—¿Había una relación íntima entre Prem y Neria? —preguntó el juez supremo.
—Eran muy amigos —explicó Vechlis—. Pero no eran colegas en los estudios. Su relación estaba más en un nivel espiritual. Neria consideraba a Prem como su consejero.
—¿Acudía a él en busca de consejo y orientación?
—Todos los sacerdotes de este templo escogen a un consejero —respondió Hani.
—Por lo tanto, es posible que Neria descubriera o viera algo que después comentó a Prem. La consecuencia fue que ambos quedaron sentenciados a muerte. Pero, de qué se trataba, por qué tenían que morir y a manos de quién acabaron asesinados continúa siendo un misterio.
—Eso también significa —apuntó Vechlis— que el asesino debe conocer el secreto.
—Sí, sí, por supuesto —admitió Amerotke—. El siguiente paso está en preguntarnos: ¿con quién más, de este templo, pudieron hablar Neria y Prem?
Todas las miradas se centraron en Hani. El sumo sacerdote palideció, y para disimular la inquietud, se secó los labios con el extremo de su cinturón de lino.
—No se nada —afirmó—. Absolutamente nada. Mi señor Amerotke, ¿has acabado?
—Por el momento.
El juez supremo permaneció sentado mientras los demás se retiraban. Sólo Khaliv no los siguió.
—¿Necesitas algo más, mi señor?
—¿Los registrarán? —Amerotke señaló hacia la puerta.
—No, mi señor, sólo si han solicitado estudiar algún manuscrito. Entonces, llamo a los guardias y se sigue el procedimiento habitual.

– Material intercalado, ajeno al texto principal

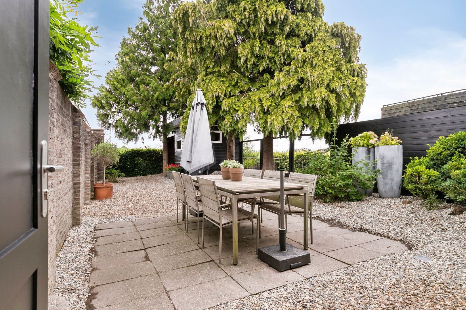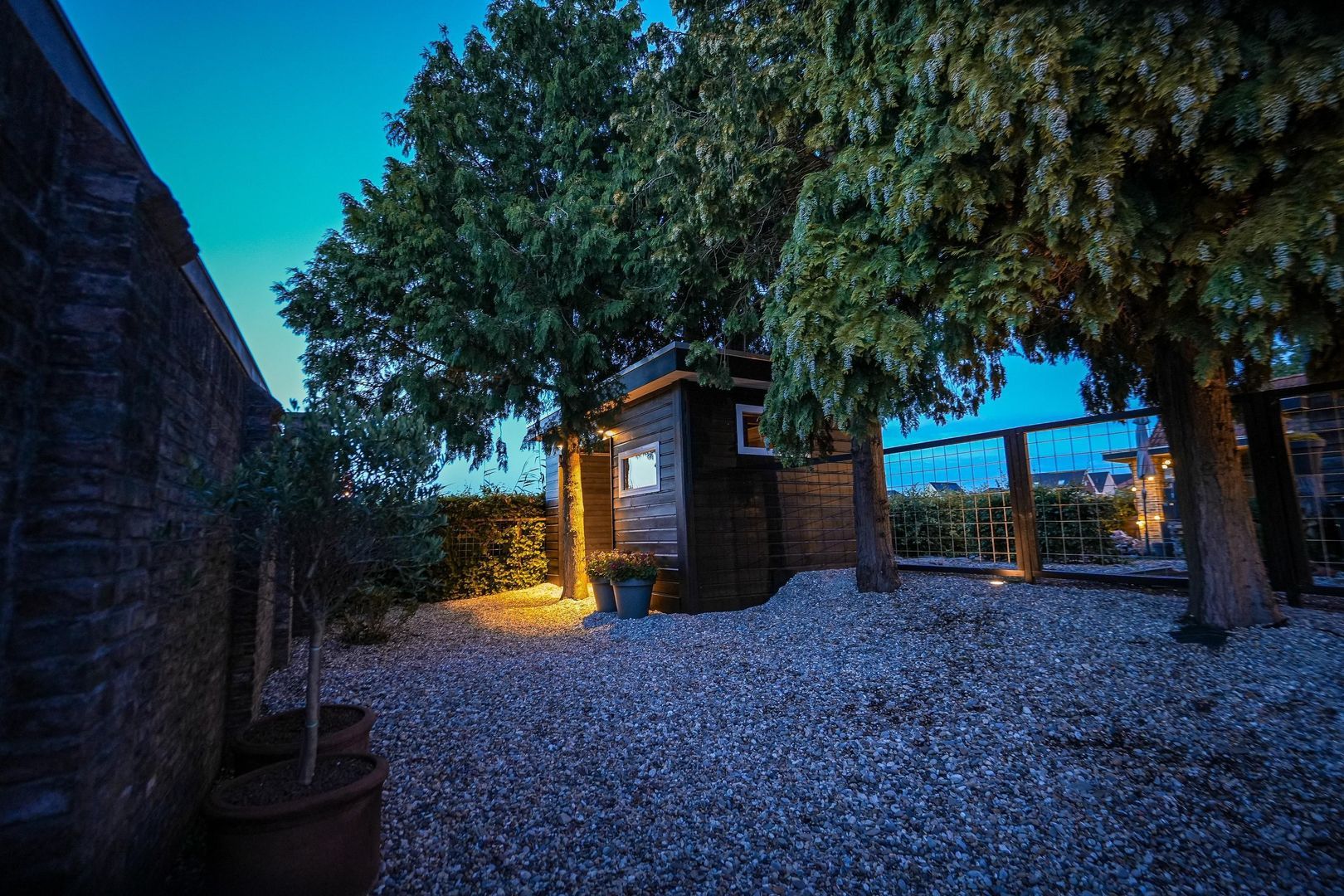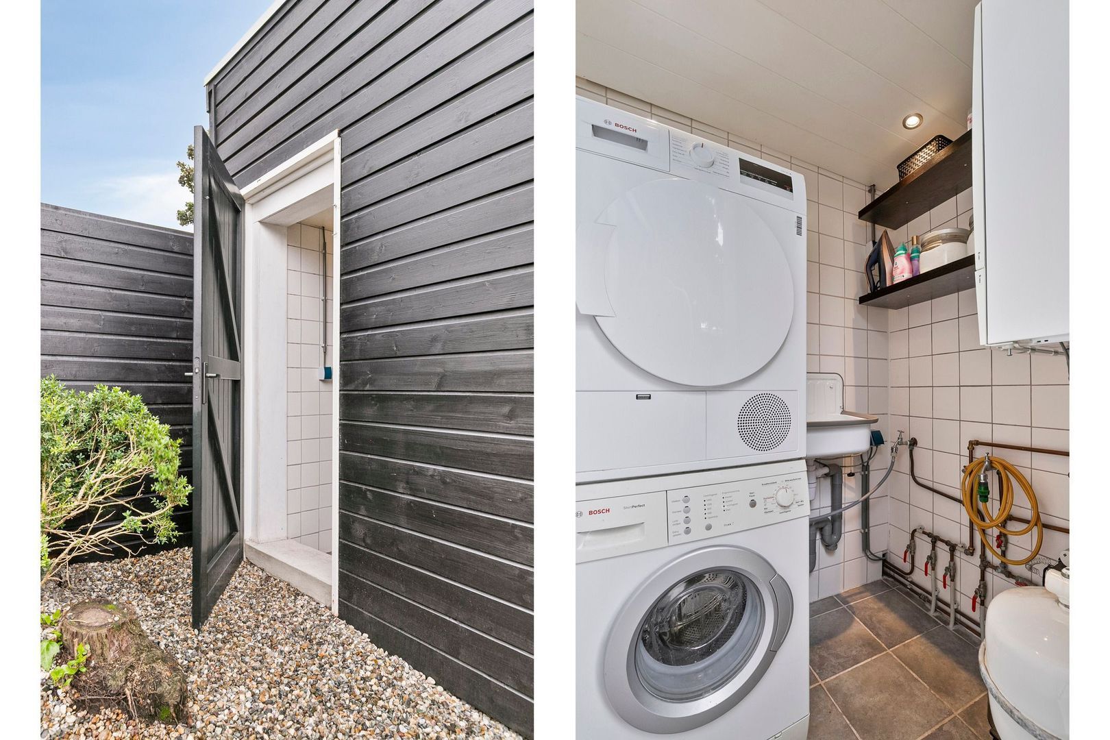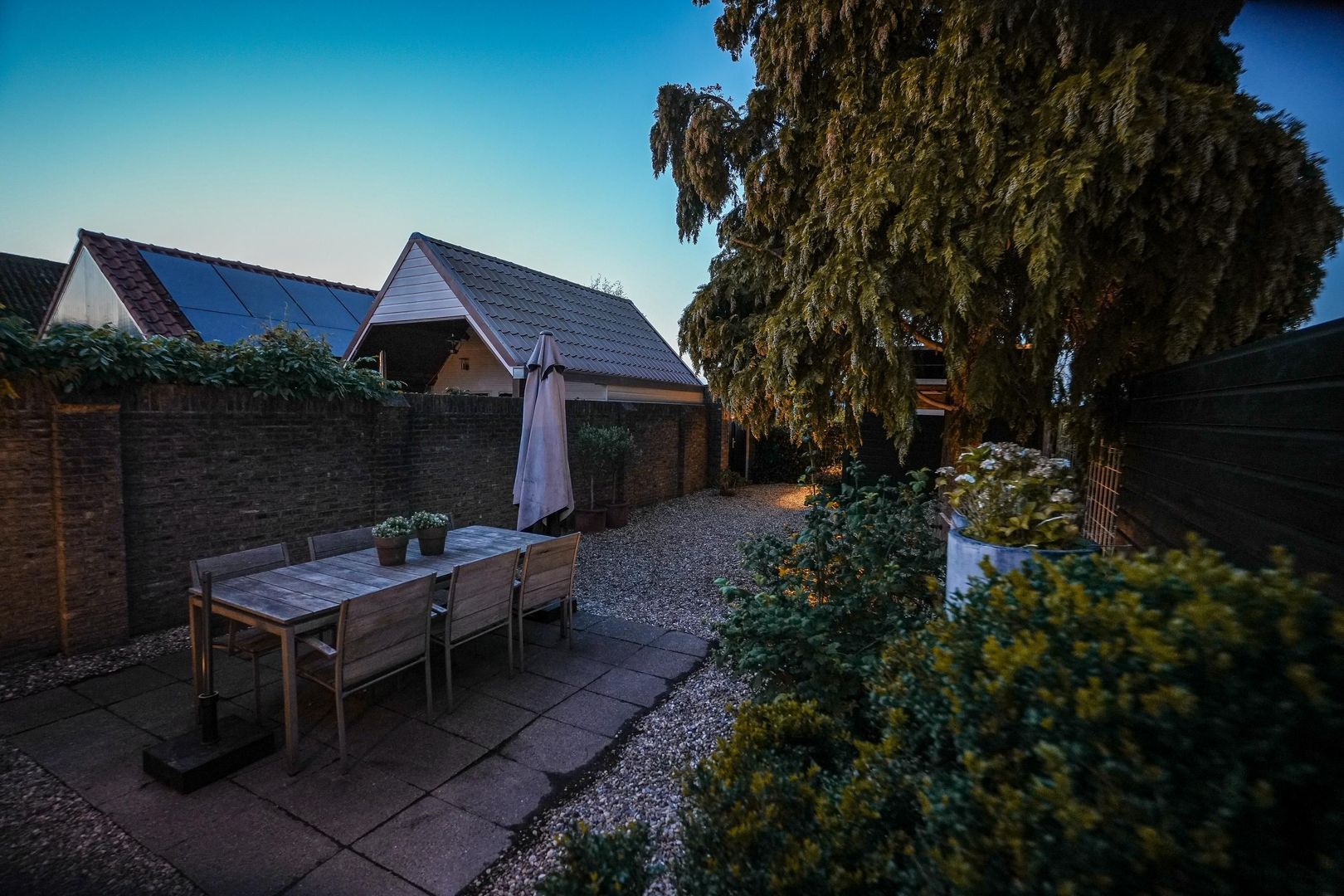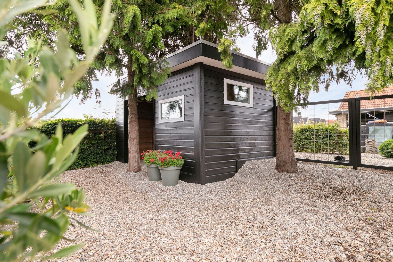 De zonnige achtertuin ligt op het noordoosten en is fraai aangelegd met diverse beplanting, struiken en bomen. Achterin de tuin staat een houten berging. Direct grenzend aan de woning bevindt zich een tweede berging met aansluitingen voor de wasmachine en droger, en de opstelplaats van de cv-ketel.

Amerotke le dio las gracias, y el bibliotecario se retiró a una pequeña cámara junto a la entrada. El juez contempló las estanterías. Escuchó con atención. Nada perturbaba la armonía de esta hermosa sala que olía tan bien. Intentó poner un poco de orden en los pensamientos e imágenes que se amontonaban en su mente. El caso de la joven Dalifa enamorada de su nuevo marido. Recordó el rostro arrogante de Antef, el odio que se reflejaba en sus ojos. Bien, por el momento no podía hacer nada al respecto. ¿Y Rahmose, que ahora estaba en arresto domiciliario bajo sospecha de asesinato? El juez era consciente de que tendría que ir a la Sala del Mundo Subterráneo, que tendría que ver el lugar con sus propios ojos. Para hacerlo necesitaría una escolta militar. El oasis de Amarna era un lugar peligroso, no sólo por la presencia de leones devoradores de hombres; los pobladores del desierto, los nómadas, y los ladrones nubios siempre estaban al acecho de alguna víctima fácil. Por cierto, cuanto más pensaba en el caso, más sospechoso le resultaba.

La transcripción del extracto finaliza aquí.